A thirty-minute walk from the Galata Bridge, the Zeyrek Mosque is one of the largest Byzantine edifices in today’s Istanbul. Its history is told in one of the latest releases of CEU Press. The volume, with the intriguing title Piroska and the Pantokrator, was edited by Marianne Sághy, professor of the CEU Department of Medieval Studies in conjunction with Robert G. Ousterhout of the University of Pennsylvania.
Piroska (baptized as Prisca), born in 1088, was the daughter of Saint Ladislas, king of Hungary. The young princess married the Byzantine crown prince John Komnenos, and with the religion, she took up the Eastern orthodox name of Eirene.
As empress and later imperial widow, she lived a pious life, which was crowned by founding the Monastery of Christ Pantokrator – today’s Zeyrek Mosque.
In Piroska and the Pantokrator, published in September, leading scholars of Byzantium explore “dynastic memory, healing and salvation in Komnenian Constantinople” (the subtitle of the volume).
Professor Sághy did not live to see the printed book, she passed away in September 2018. A year later, at the time of launching the volume, a conference was dedicated to her memory in Budapest.
Christ Pantokrator, the imposing monumental complex founded in 1118, is now called the Zeyrek Mosque. It is the second largest Byzantine religious edifice after Hagia Sophia still standing in Istanbul and it represents the most remarkable architectural and the most ambitious social project of the Komnenian dynasty.

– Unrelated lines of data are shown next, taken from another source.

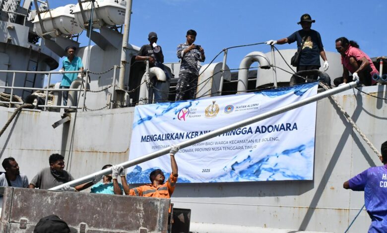 JAKARTA || Koranprogresif.id – Unsur Alutsista TNI AL yakni Kapal Perang Republik Indonesia Teluk Ende (KRI TLE)-517 yang membawa material revitalisasi pipa saluran air untuk wilayah Kecamatan Ille Boleng tiba di Dermaga Terong, Kecamatan Adonara Timur, Kabupaten Flores Timur, Provinsi Nusa Tenggara Timur (NTT), Minggu (13/07).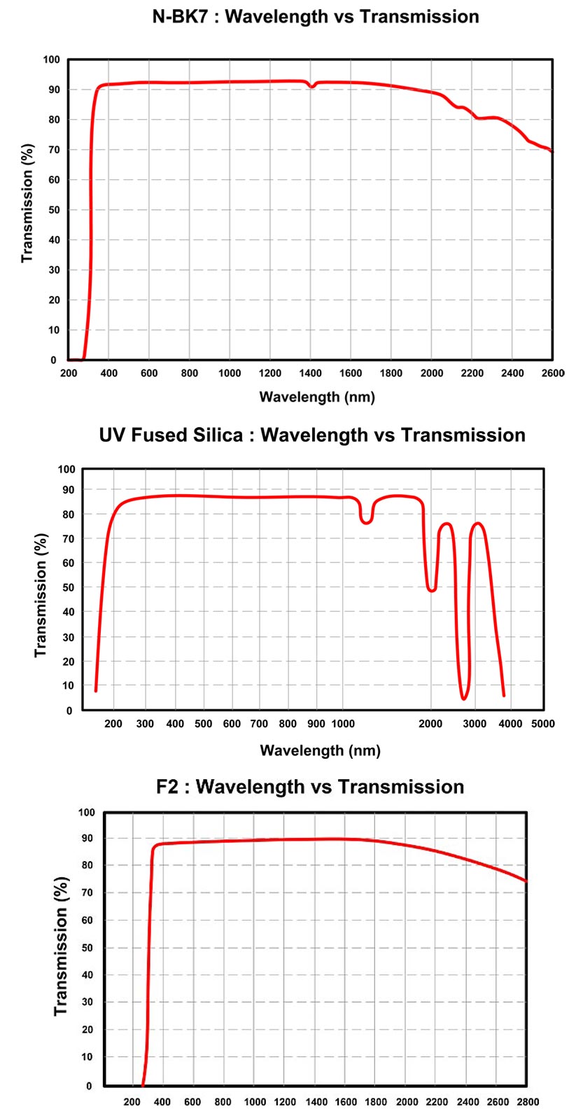 Right Angle Prisms are used to re-direct a beam of light at 90 degrees from the incident direction or used as 180° beam retroreflector. We offer these prisms uncoated or with five different coating options, namely;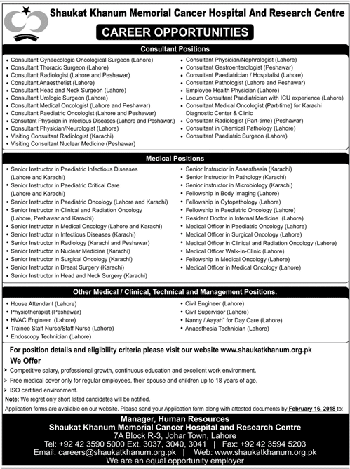 Latest Shaukat Khanum Memorial Cancer Hospital & Research Centre Medical Posts Lahore 2025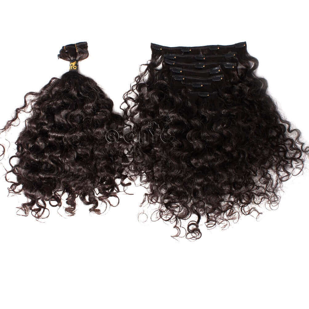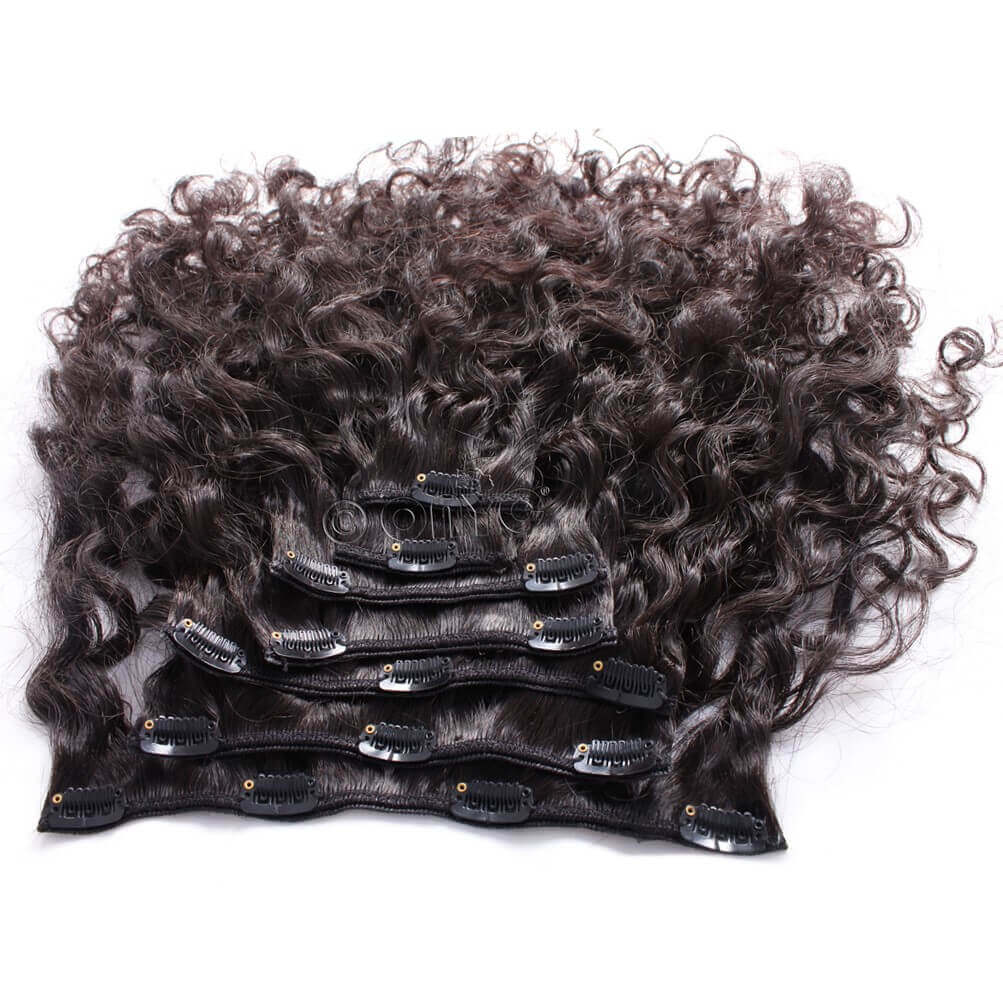 ONYC Hair 7 Piece Deep Curly Clip In Hair Extensions for 3B Hair texture is perfect for instant volume or length in minutes. These luscious curls can help our curly girls add volume to their own hair.

The book approaches the Pantokrator from a special perspective, focusing on its co-founder, Piroska. This particular vantage point enables its authors to explore not only the architecture, the monastic and medical functions of the complex, but also Hungarian-Byzantine relations, the cultural and religious history of early medieval Hungary, imperial representation, personal faith and dynastic holiness.
Piroska's wedding with John Komnenos came to be perceived as a union of East and West. The life of the Empress, a "sainted ruler," and her memory in early Árpádian Hungary and Komnenian Byzantium are discussed in the context of women and power, monastic foundations, architectural innovations, and spiritual models.